The background technology is as follows:
as a passive device for transmitting and distributing optical signals, the optical fiber flange plate is widely applied to the technical fields of optical fiber communication and optical fiber sensing due to the characteristics of light structure, convenient operation and the like. The working principle of the optical fiber coupler is that the two end faces of the transmitting optical fiber and the receiving optical fiber are precisely butted by the high-precision zirconium dioxide ceramic ferrule in the flange plate, so that the optical energy is coupled into the optical fiber to the greatest extent, the external optical energy is isolated from intervening in an optical link, and the influence of the external environment on system communication is reduced. Because the laser damage threshold of the zirconia ceramic ferrule is low, the common optical fiber flange can bear the optical power of between 0.5W and 1W, and when facing a high-power optical fiber link transmission system, the common practice is to divide the whole optical link into a plurality of sections and splice the sections by using the optical fiber flange. The method not only increases the number of optical fiber flanges, so that the cost of the system is increased, but also reduces the coupling efficiency and reliability of the whole optical link. How to solve the problem that the coupling and transmission of the high-power optical fiber link are the subjects of restricting the optical fiber communication and the optical fiber sensing are urgent.
The optical fiber collimator is often used as an optical fiber coupling device because of the advantages of light weight, small volume and nearly parallel light output, and can bear higher optical power because the inner core device is a lens made of silicon dioxide. Compared with the traditional bonding processes such as gluing, resistance spot welding, riveting and the like, the laser welding adopts laser as a heat source, so that the welding method has the characteristics of high welding speed, high precision, small heat input, small workpiece deformation and the like, and simultaneously has better accessibility of laser, and can reduce the position and structural limitation during welding. The pair of optical fiber collimators are fixed on the fixture by adopting a laser welding process, and high coupling efficiency can be achieved as long as the radial dislocation, the axial included angle and the axial distance between the two optical fiber collimators are controlled, so that the difficult problems of coupling and transmission of a high-power optical fiber link are well solved.

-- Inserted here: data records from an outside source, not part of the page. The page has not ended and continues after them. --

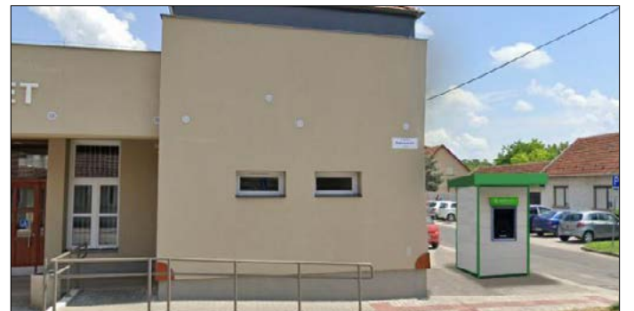
Az ATM az egészségház mellett lesz (látványterv)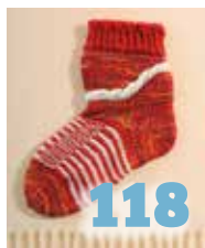
Für kleine Jungs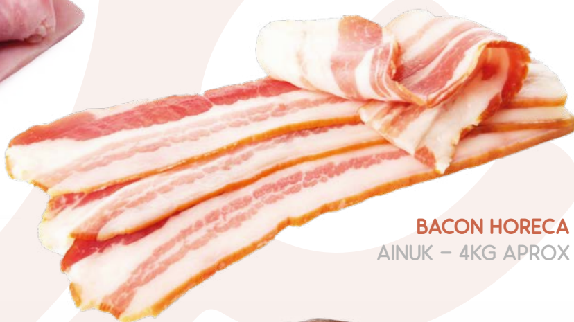
BACON HORECA AINUK – 4KG APROX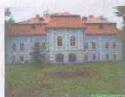
Stav v roku 2002

Dátum vzniku tohto kaštieľa nie je presne známy, z hľadiska stavebného vývoja a slohového zaradenia sa jedná o budovu, ktorá vznikla zo staršej renesančnej stavby, datovanej do 17. storočia, prestavanej a prefasádovanej v 2. polovici 18. storočia do dnešnej barokovo-klasicistickej podoby.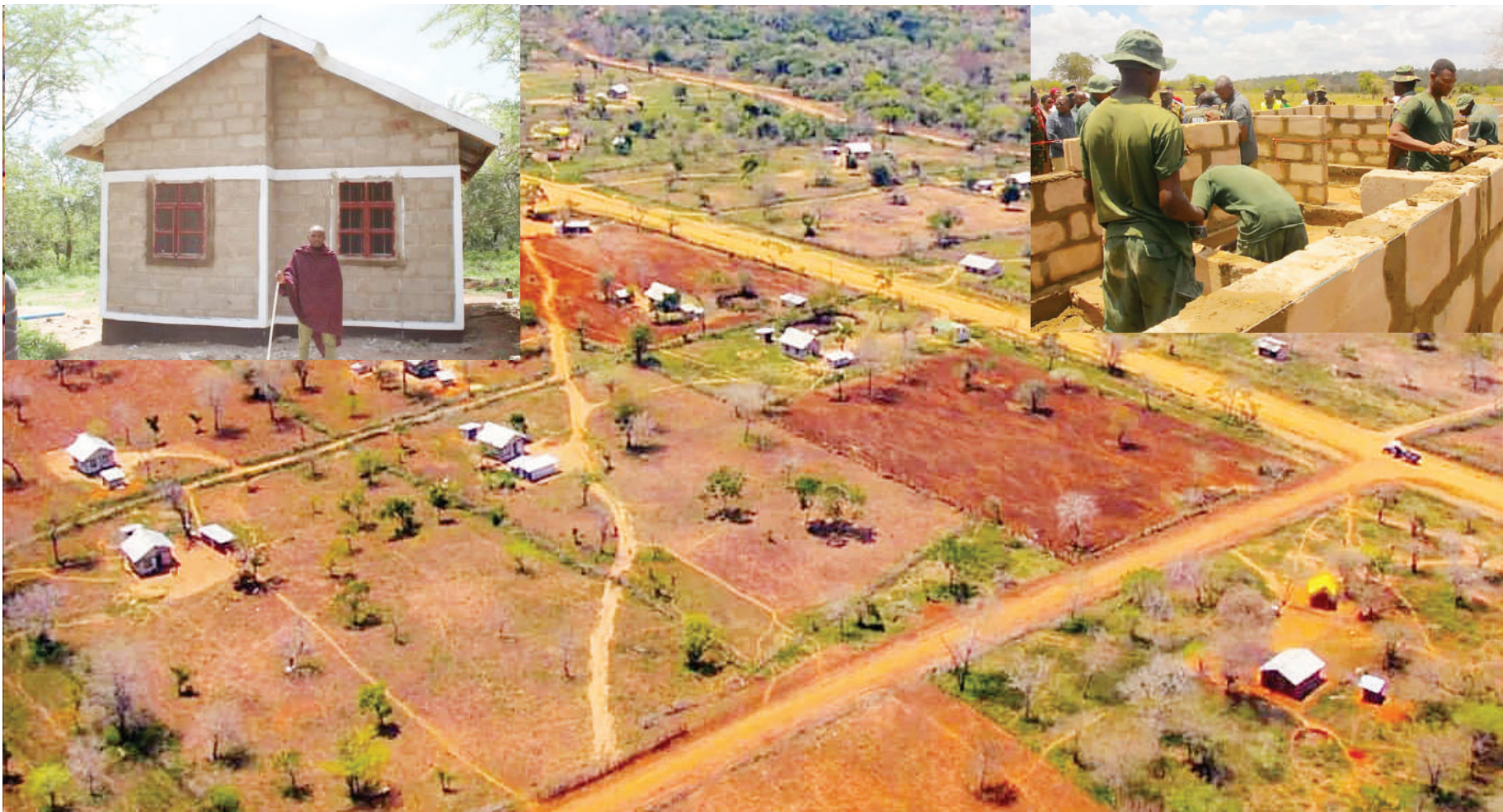
Makazi mapya kijijini Msomera, Handeni shughuli za ujenzi na nyumba mpya zilivyo.

The invention comprises the following steps:
the invention aims to overcome the defects of the prior art, namely, an input optical fiber collimating lens and an output optical fiber collimating lens are respectively fixed in a male head and a female head of a component by adopting a laser welding technology, the dimensional tolerance and the coaxiality tolerance of the male head and the female head of the component are strictly controlled, and the opposite-plug component which is applicable to coupling and transmission of a high-power optical fiber link and can be repeatedly plugged and unplugged is invented.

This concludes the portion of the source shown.